======== Records to process ========
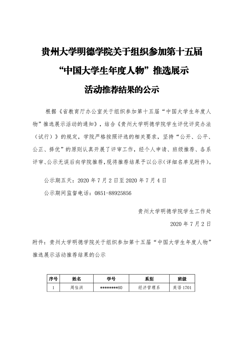 贵州大学明德学院关于组织参加第十五届“中国大学生年度人物”推选展示活动推荐结果的公示
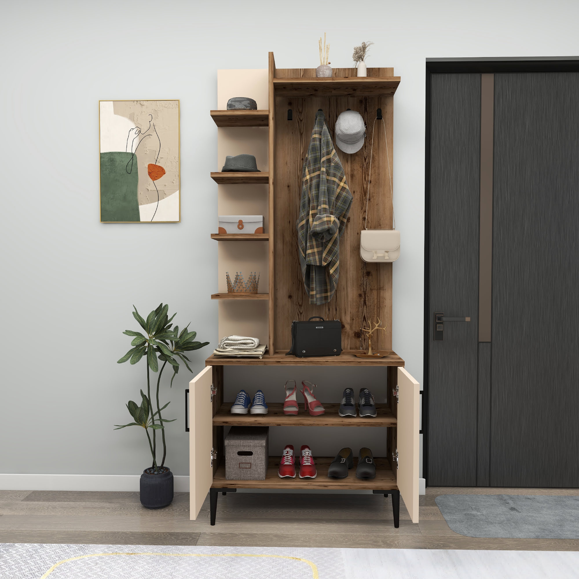 Our chic and versatile Modern Hallway Coat Rack – is the perfect solution for keeping your entryway tidy and organized. With its six-tier open shelves, you can stylishly store and display your shoes, bags, and everyday essentials, making it a practical and elegant addition to any hallway. The four sturdy metal hooks offer ample space to hang coats, hats, and scarves, ensuring easy access when you're on the go. Our thoughtful design includes a cabinet with two interior shelves, providing concealed storage for items you want to keep out of sight. Say goodbye to hallway clutter and embrace the beauty of organization with our Modern Hallway Coat Rack – where functionality meets contemporary style.
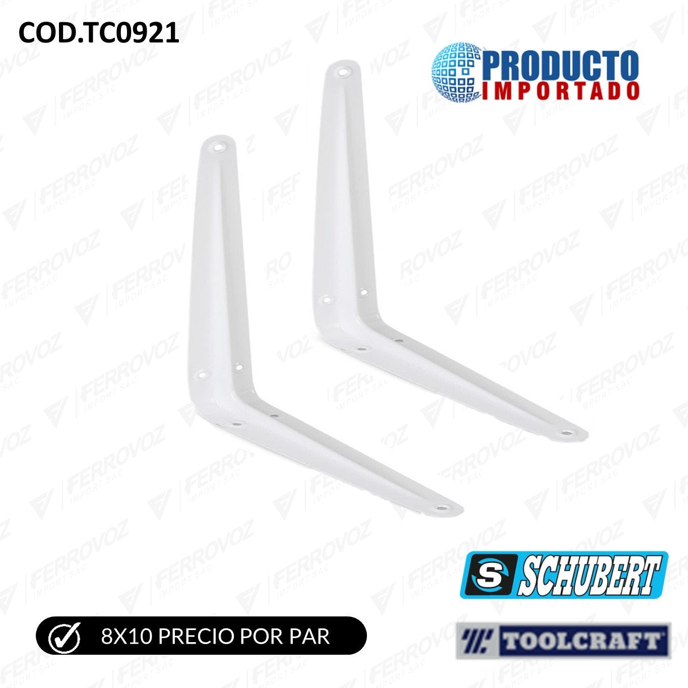PAR DE ANGULO ESCUADRA BLANCO LIVIANO 8" X 10" (INC. TORNILLOS)
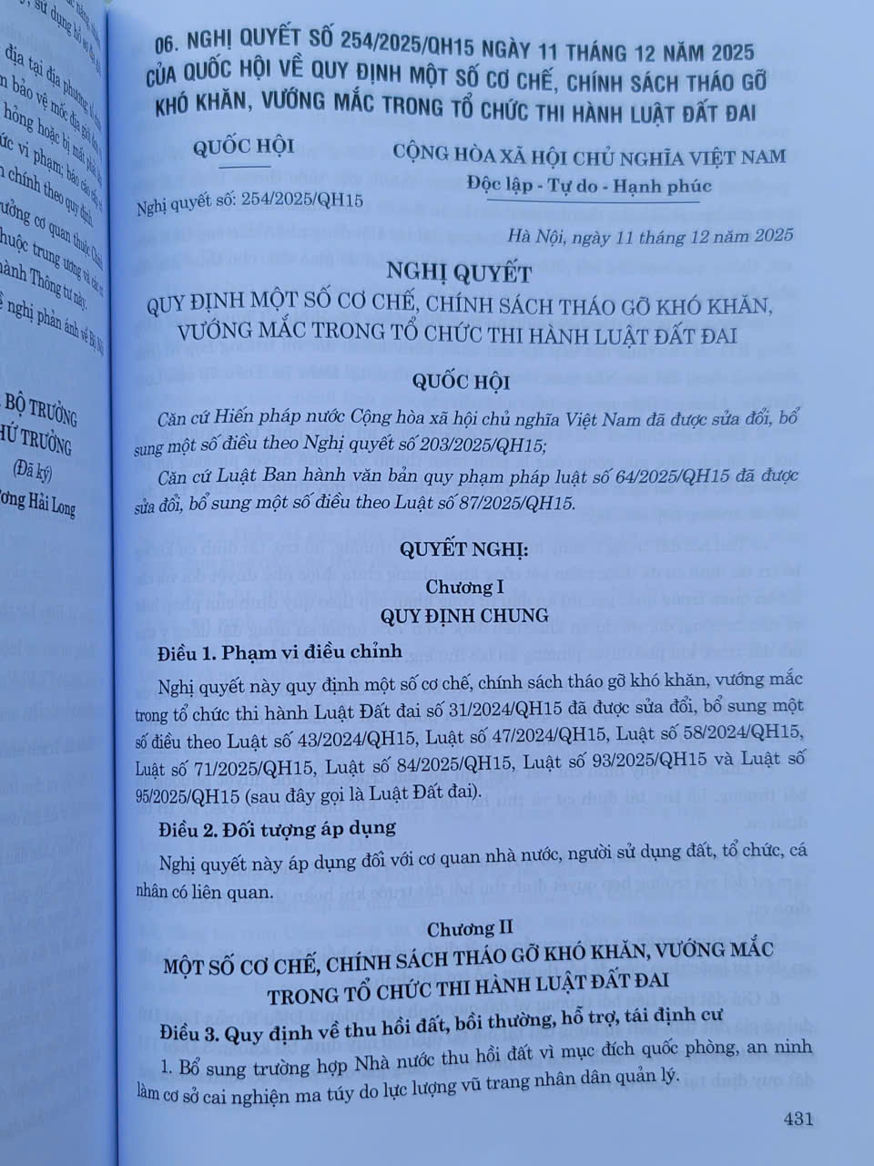 - NGHỊ QUYẾT SỐ 254/2025/QH15 ngày 11 tháng 12 năm 2025 CỦA QUỐC HỘI VỀ QUY ĐỊNH MỘT SỐ CƠ CHẾ, CHÍNH SÁCH THÁO GỠ KHÓ KHĂN, VƯỚNG MẮC TRONG TỔ CHỨC THI HÀNH LUẬT ĐẤT ĐAI
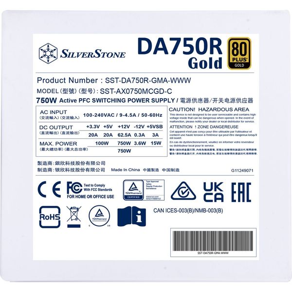 PSU SILVERSTONE DA750R-GMA 750W 80 PLUS GOLD FULL MODULAR WHITE (PER.619527)
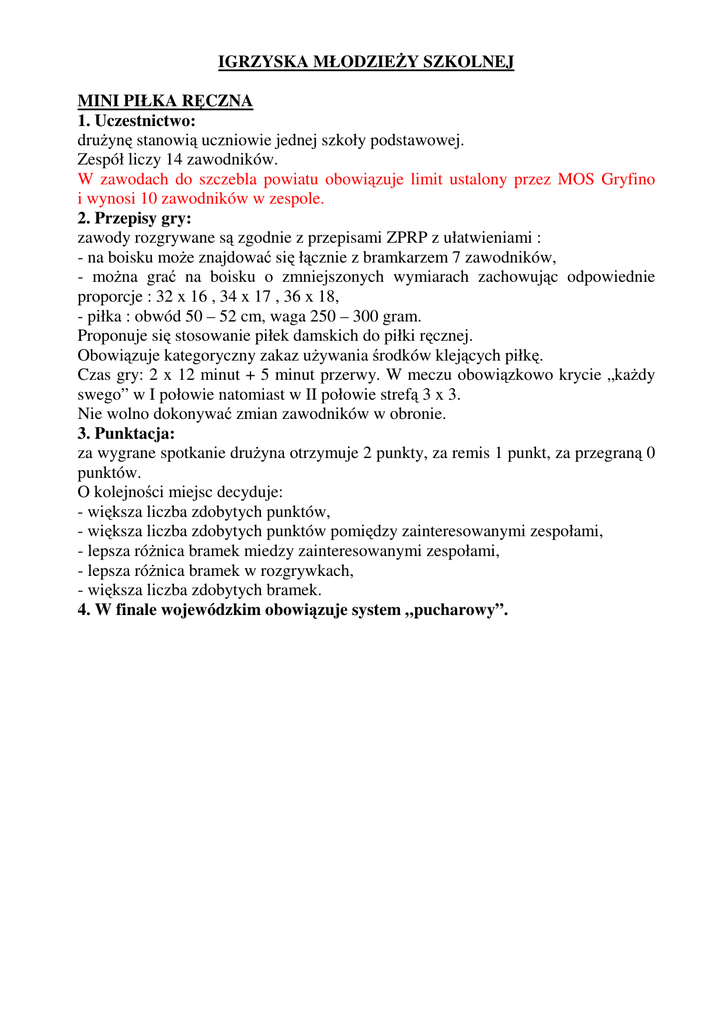 IGRZYSKA MŁODZIEŻY SZKOLNEJ MINI PIŁKA RĘCZNA 1. Uczestnictwo: drużynę stanowią uczniowie jednej szkoły podstawowej. Zespół liczy 14 zawodników. W zawodach do szczebla powiatu obowiązuje limit ustalony przez MOS Gryfino i wynosi 10 zawodników w zespole. 2. Przepisy gry: zawody rozgrywane są zgodnie z przepisami ZPRP z ułatwieniami : - na boisku może znajdować się łącznie z bramkarzem 7 zawodników, - można grać na boisku o zmniejszonych wymiarach zachowując odpowiednie proporcje : 32 x 16 , 34 x 17 , 36 x 18, - piłka : obwód 50 – 52 cm, waga 250 – 300 gram. Proponuje się stosowanie piłek damskich do piłki ręcznej. Obowiązuje kategoryczny zakaz używania środków klejących piłkę. Czas gry: 2 x 12 minut + 5 minut przerwy. W meczu obowiązkowo krycie „każdy swego” w I połowie natomiast w II połowie strefą 3 x 3. Nie wolno dokonywać zmian zawodników w obronie. 3. Punktacja: za wygrane spotkanie drużyna otrzymuje 2 punkty, za remis 1 punkt, za przegraną 0 punktów. O kolejności miejsc decyduje: - większa liczba zdobytych punktów, - większa liczba zdobytych punktów pomiędzy zainteresowanymi zespołami, - lepsza różnica bramek miedzy zainteresowanymi zespołami, - lepsza różnica bramek w rozgrywkach, - większa liczba zdobytych bramek. 4. W finale wojewódzkim obowiązuje system „pucharowy”.
========
Work request
The lines to reproduce run from the one above containing "PAR DE ANGULO" through the one containing "PSU SILVERSTONE DA750R-GMA". Copy them exactly and leave out all pictures.

Response box
PAR DE ANGULO ESCUADRA BLANCO LIVIANO 8" X 10" (INC. TORNILLOS)
 - NGHỊ QUYẾT SỐ 254/2025/QH15 ngày 11 tháng 12 năm 2025 CỦA QUỐC HỘI VỀ QUY ĐỊNH MỘT SỐ CƠ CHẾ, CHÍNH SÁCH THÁO GỠ KHÓ KHĂN, VƯỚNG MẮC TRONG TỔ CHỨC THI HÀNH LUẬT ĐẤT ĐAI
 PSU SILVERSTONE DA750R-GMA 750W 80 PLUS GOLD FULL MODULAR WHITE (PER.619527)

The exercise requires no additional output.